Materials and Methods
Collection of Lactobacillus Cultures and their Maintenance
The LAB cultures used in the present study i.e. L. bulgaricus NCDC (09) and L. fermentum TDS030603 (LBF) were obtained from the Culture Collection of Dairy Microbiology Department, SMC College of Dairy Science, Anand, Gujarat, India. The lactic cultures were propagated in sterilized reconstituted skim milk (10% TS) and stored at 5 ± 2 °C. The transfer was given every week during the course of the study. Purity and activity was tested every time before sub-culturing.
Camel Milk Procurement
Fresh camel milk (Camelus dromedarius) sample was procured from a farm at Ankalav village of Anand District, Gujarat, India.
Assessment of X-prolyl-dipeptidyl Aminopeptidase Activity (PepX)
Pure lactic cultures were activated in MRS broth at the rate of 2% of inoculation and incubated for 24 h at 37 °C. Freshly grown cultures were inoculated at the rate of 2% in 100 mL MRS broth and incubated for 0, 3, 6, 9 and 12 h.
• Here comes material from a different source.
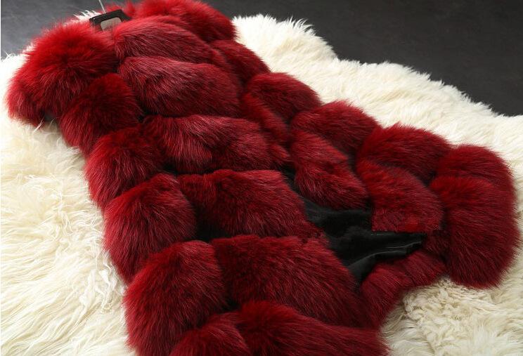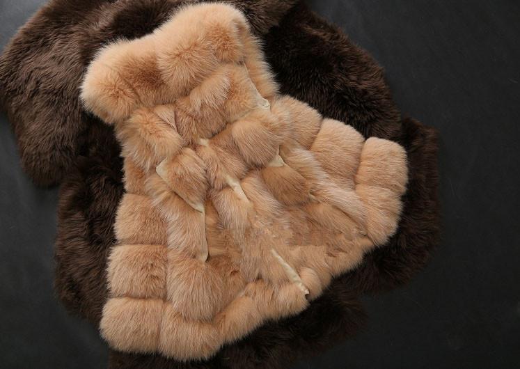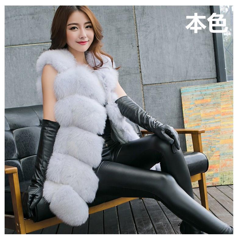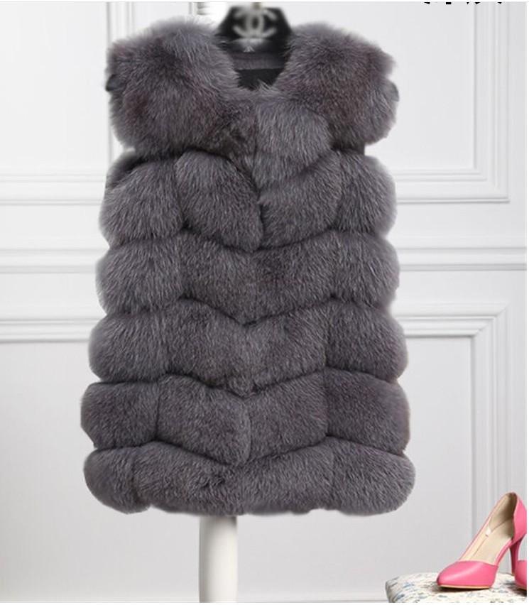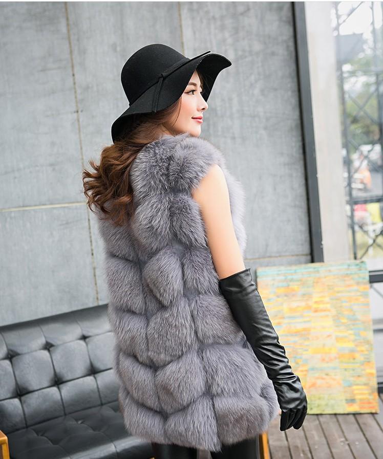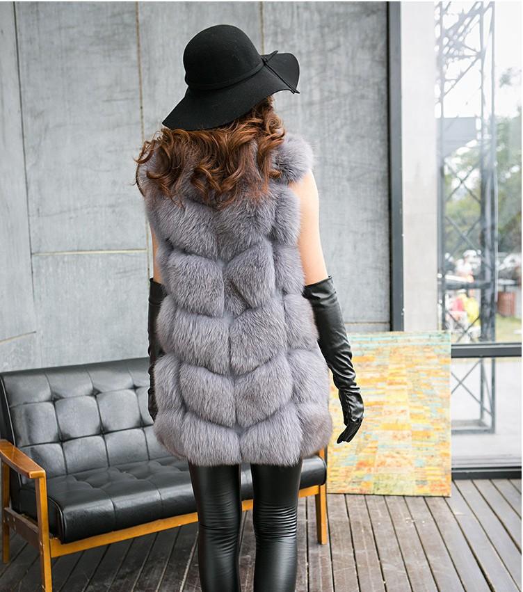 Fábrica de pieles de Haining, venta al por mayor, otoño e invierno, nuevo abrigo de piel de zorro para mujer, abrigo de piel informal largo, chaleco de piel sintética

Pellets were collected after centrifugation at 3500 rpm for 15 min at 4 °C. (Hermle centrifuge, Germany). Then, pellets were washed with 25 mL of sodium phosphate buffer and finally pellets were dissolved in 10 mL of sodium phosphate buffer. Then cell pellets were sonicated by probe sonicator (Labman, India). After sonication, the supernatants were collected by centrifugation at 13,000 rpm for 13 min at 4 °C. Then, crude supernatants collected were used as samples for the enzymatic assay.
Enzymatic Reaction of pepX Activity
X-prolyl-dipeptidyl aminopeptidase (pepX) activity of the cultures was assayed with glycyl-prolyl p-nitroanilide (Sigma, USA) (Gly-Pro-pNA) as the substrate with some modifications (Donkor et al. 2007). The incubation mixture contained 50 μL of 6.4 mmol/L of substrate glycyl-prolyl p-nitroanilide, 2.85 mL of 50 mmol L−1 of Tris–HCl buffer (pH 7.0) and 100 μL of sample (supernatant). The mixture was incubated at 37 °C for 30 min and the reaction was stopped by adding 500 μL of 30% acetic acid. The extent of hydrolysis was measured with the spectrophotometer (Systronics Spectrophotometer 2202, India) at 410 nm. The activity of each sample was evaluated in triplicate.
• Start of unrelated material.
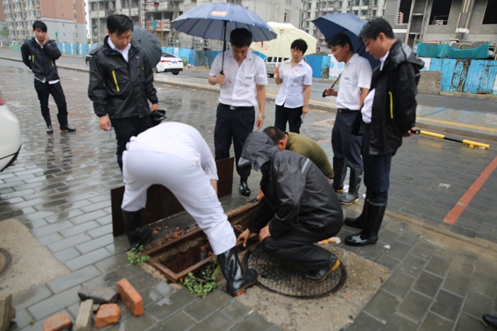 北京市氣象臺(tái)6日9時(shí)5分發(fā)布暴雨藍(lán)色預(yù)警信號(hào),預(yù)計(jì)今天白天到夜間,北京大部地區(qū)將有大雨到暴雨局地大暴雨,永豐農(nóng)工商總公司及相關(guān)二級(jí)公司緊急啟動(dòng)防汛應(yīng)急預(yù)案,總公司總經(jīng)理李建濤、副總經(jīng)理劉迎春帶領(lǐng)永創(chuàng)興業(yè)工程部及盛智豐苑物業(yè)相關(guān)人員到大牛坊安置房小區(qū)檢查防汛部署情況。

Preparation of Fermented Camel Milk
Fresh camel milk was collected and then filtered through muslin cloth and heated at 90 °C for 10 min and then stored at 5 ± 1 °C. 2% of previously grown active cultures from reconstituted milk were inoculated in camel milk and incubated for 24 h at 37 °C for activation in camel milk medium.
Preparation of the Supernatant (Water Soluble Extract) from Fermented Camel Milk
Fermented camel milk samples were centrifuged at 13,000 rpm for 20 min at 4 °C (Hermle centrifuge, Germany). The supernatant (Water soluble extract) was collected and it was filtered through 0.45 μm membrane filter (Millex® - HV, MERK, Ireland). This supernatant was further assayed for ACE-Inhibitory activity.
Determination of ACE-inhibitory Activity
The ACE-inhibitory activity percentage (ACEi %) was determined according to the method described by Hati et al. (2015) with some modifications as described below. 50 μL of 5 mM HHL (Sigma, USA) (10.74 mg HHL in 5 mL sodium borate buffer, pH 8.3) solution was mixed with 500 μL deionized water and 200 μL of sample (Water soluble extract). The residue containing hippuric acid was dissolved in 2 mL of deionized water and it was filtered through 0.45 μm membrane filter (Millex® - HV, MERK Ireland). The absorbance of the solution was measured spectrophotometrically (Systronics Spectrophotometer 2202, India) at 228 nm. The activity of each sample was tested in triplicate. The formula used for the determination of ACE-inhibitory peptides is such as; ACEi% = {(Absorbance of HA control – Absorbance of HA sample/Absorbance of HA control) × 100}. Where, HA control was the absorbance of concentration of hippuric acid produced by the ACE in buffer without lactic cultures. HA sample was the absorbance of the concentration of hippuric acid produced by the ACE in the presence of lactic cultures. In the case of fractionated 3, 5 and 10 kDa, HA control was the absorbance of concentration of hippuric acid produced by the ACE in camel milk without lactic cultures. HA sample was the absorbance of the concentration of hippuric acid produced by the ACE in the presence of lactic cultures in camel milk medium.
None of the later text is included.